Purchase Price and Terms of Payment
1. The Purchase Price of the Shares has been agreed between the Parties to be
CZK 5,500,000 (in words: five million five hundred thousand Czech crowns),
and shall be payable within 14 (in words: fourteen) days after the signing
of this Agreement.
2. As the date of payment shall be considered the day on which the respective
sum pursuant to the point 1. will be credited to the Seller's Account No.
53034-861/0100, variable symbol (v. s.) No.: 471116871, constant symbol (k.

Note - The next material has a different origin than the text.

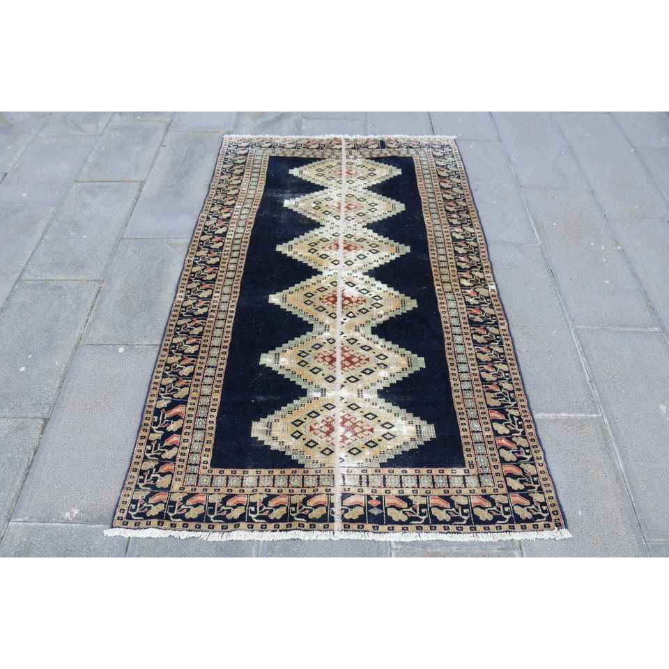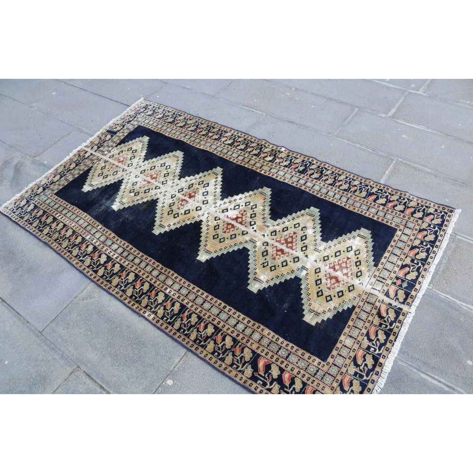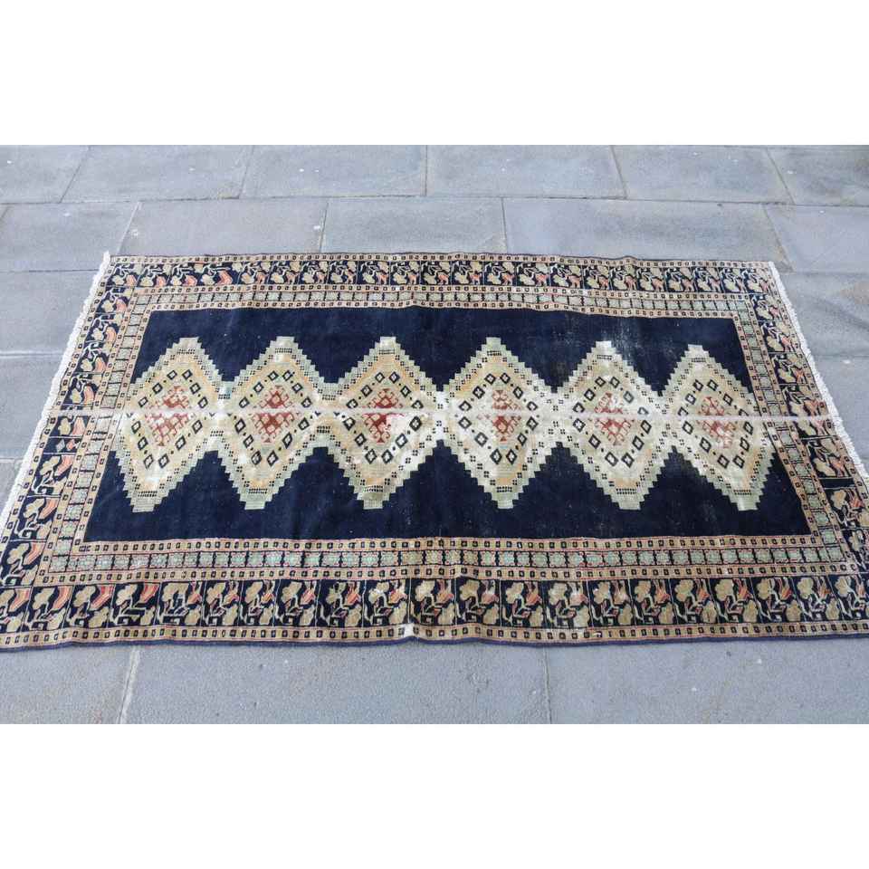 Alfombra Vintage de 3.5x5.7 pies, Alfombra Turca, Alfombra Azul a Rayas de Lana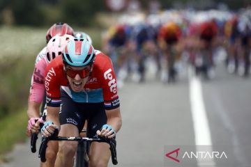 Pebalap Pascal Eenkhoorn dari LottoâDstny memacu sepedanya saat menempuh etape 2 Tour de France dari Vitoria Gasteiz ke San Sebastian, Spanyol (2/7/2023). ANTARA FOTO/REUTERS/Stephane Mahe/tom.

s.) No.: 3058 in Komercni banka Praha, SWIFT CODE: KOMB CZ PP or to a
different account the details of which the Seller shall provide to the
Purchaser no later than at the time of signing of this Agreement.
3. If the Purchaser is in delay with the payment of the Purchase Price, the
Purchaser would be obliged to pay an interest of 0.04 % for each day of
delay.
III.
The Seller's Obligations
1. The Seller is obliged within 10 (in words: ten) days after the signing of
this Agreement to endorse on the back of the Share Certificate the transfer
of the Shares with all the required details stipulated in Section 156 of
Act No. 513/1991 Coll., the Commercial Code, and Section 11 and the
following Sections of Act No. 191/1950 Coll., the Bills of Exchange Act and
to give the Shares to the Purchaser at the Seller's office at Xxxxx 0,
Xxxxxxx 00.
2. A record shall be made of the procedures carried out under paragraph 1,
shall be signed by the Seller and the Purchaser, and their signatures shall
be notarised.
4. The Seller shall notify the Company of the Share transfer within 3 (in
words: three) days of the day on which it delivers the Shares to the
Purchaser.
5. If the Seller was under the obligation to obtain any approval with the sale
of the Shares, the Seller hereby declares that all such approvals have been
obtained.
IV.
The Purchaser's Obligations
1. The Purchaser shall in all respects grant its co-operation to the Seller to
support the Seller in meeting its obligations under Article III. hereof.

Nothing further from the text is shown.